Gerhard Richter is the world's most expensive painter

One of Richter's pieces, "Abstract Bild," sold at auction for $30 million in 2012

Richter has recently been making digital prints of horizontal stripes, but plans to return to painting

CNN  — 

Gerhard Richter is the world’s most famous living painter.

Whether or not you realized you, you’ve likely seen on his works, whether it’s one of his striking black-and-white portraits, simple glass sculptures of colorful abstractions, like “Abstract Bild,” which sold for $30 million at auction in 2012, breaking the existing record for a living artist.

His most recognizable pieces are his recent strip prints, stylized photo-paintings based on one of his 1990s paintings. To create them, Richter reduced the original painting into horizontal stripes that are then divided, doubled and magnified to spectacular effect.

But now, after three years exploring this subject, Richter is ready to return to the easel. CNN correspondent Nick Glass met with the 82-year-old artist to discuss moving on, looking back, and how it feels to be the world’s most expensive painter.

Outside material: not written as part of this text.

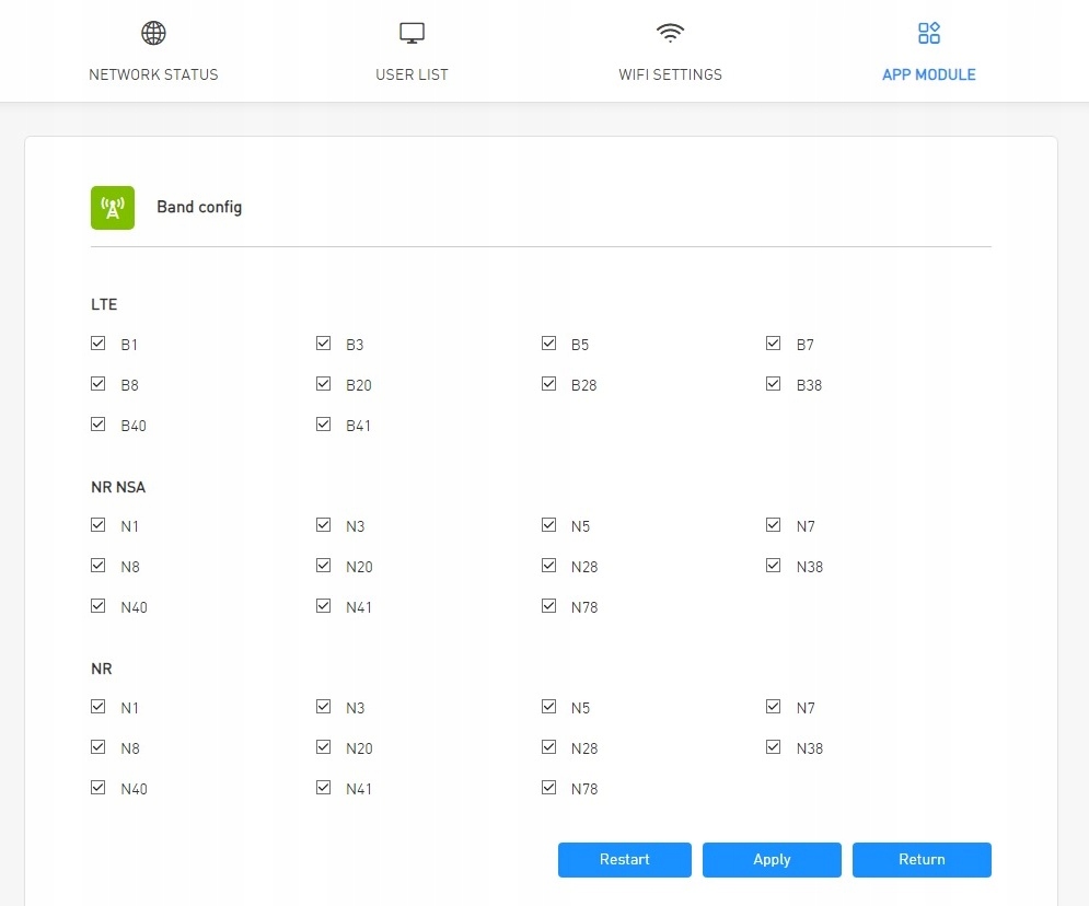 Częstotliwości 5G: N1/3/5/7/8/20/28/38/40/41/78
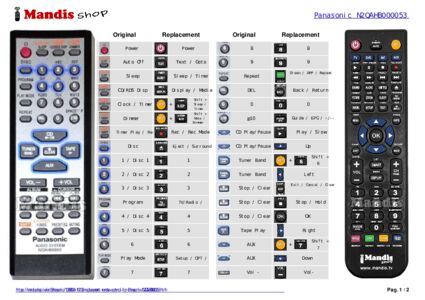 Below, we will show you the correspondence between each button on the original remote control and the button that performs the same function on the replacement remote control. In some cases, you may need to press the SHIFT key before pressing another button to perform certain actions. These additional functions are often not widely used and are included to facilitate understanding of the replacement remote control, or because the original remote control has more buttons than its equivalent.

You’ve said that you will not make any further strip paintings. Why is that?

I could only repeat myself now. It’s extra pressure. I’m looking forward now … It would be boring to repeat it and repeat it. I’ve done enough now.

When did you decide you’ve expanded it enough? Because you could do this infinitely.

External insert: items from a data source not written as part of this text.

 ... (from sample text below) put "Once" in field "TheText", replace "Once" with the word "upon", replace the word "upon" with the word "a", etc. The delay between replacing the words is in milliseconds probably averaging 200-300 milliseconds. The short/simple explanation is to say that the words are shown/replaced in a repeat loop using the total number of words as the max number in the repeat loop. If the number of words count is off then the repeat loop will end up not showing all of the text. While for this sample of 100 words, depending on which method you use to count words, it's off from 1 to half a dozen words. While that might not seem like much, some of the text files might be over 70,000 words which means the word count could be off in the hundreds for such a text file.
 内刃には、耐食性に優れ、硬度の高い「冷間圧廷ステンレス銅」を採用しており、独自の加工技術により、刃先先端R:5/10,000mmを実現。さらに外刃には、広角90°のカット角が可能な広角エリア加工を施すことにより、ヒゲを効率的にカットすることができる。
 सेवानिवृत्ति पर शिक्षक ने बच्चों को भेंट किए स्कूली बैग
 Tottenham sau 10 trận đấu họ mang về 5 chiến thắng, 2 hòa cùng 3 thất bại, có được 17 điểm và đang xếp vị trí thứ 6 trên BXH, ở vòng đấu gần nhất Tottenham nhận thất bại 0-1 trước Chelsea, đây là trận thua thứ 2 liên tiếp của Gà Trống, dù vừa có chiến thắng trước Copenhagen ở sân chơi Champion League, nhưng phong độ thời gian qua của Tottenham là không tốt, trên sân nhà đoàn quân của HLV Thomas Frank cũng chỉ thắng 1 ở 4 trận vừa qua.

After 4,000, you can’t see the difference. You’d have to look through a microscope. It wouldn’t make sense.

Is there a moment when you thought “I’ve expressed enough in this way”?

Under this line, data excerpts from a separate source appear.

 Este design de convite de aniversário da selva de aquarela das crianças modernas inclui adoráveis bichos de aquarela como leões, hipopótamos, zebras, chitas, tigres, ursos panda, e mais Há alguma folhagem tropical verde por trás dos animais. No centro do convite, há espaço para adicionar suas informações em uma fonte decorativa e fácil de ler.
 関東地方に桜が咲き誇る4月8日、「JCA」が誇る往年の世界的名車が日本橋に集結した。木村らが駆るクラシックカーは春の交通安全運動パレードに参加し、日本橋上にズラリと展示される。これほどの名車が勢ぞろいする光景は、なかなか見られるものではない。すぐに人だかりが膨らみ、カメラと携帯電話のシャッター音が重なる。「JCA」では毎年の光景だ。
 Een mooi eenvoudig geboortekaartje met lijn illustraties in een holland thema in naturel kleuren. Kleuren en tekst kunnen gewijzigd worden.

No, this is not a moment. It comes so slowly when you get tired.

Did you miss the studio after spending so much time producing digital work?

Of course, yeah. But it takes a while until you realize that you miss something.

Do you still feel the compulsion to make art all of the time?

Yeah. I feel better when I do something, when I produce.

In 2011, you were the subject of a retrospective at London’s Tate Modern. Did you enjoy the sense of looking back on a life?

Of course. I can be proud I did so many things.

Do you think you’ve made work that is timeless?

This is a nice illusion … I hope so. What means timeless? Twenty years? A hundred? A thousand?

How do you feel when a Gerhard Richter painting for tens of millions of dollars?

Ambivalent. On the one side, I am proud that they pay so much for this little painting I did that was extremely cheap. And on the other hand, I think that’s not good … They shouldn’t pay 30 million for a painting. Even for a Picasso that’s too much.

What’s next for you?

I have a dream: I want to sit in my studio, no talk, no nothing. No show, no management, just painting. It would be nice.

Is it still the same as it was when you were 22 rather than 82?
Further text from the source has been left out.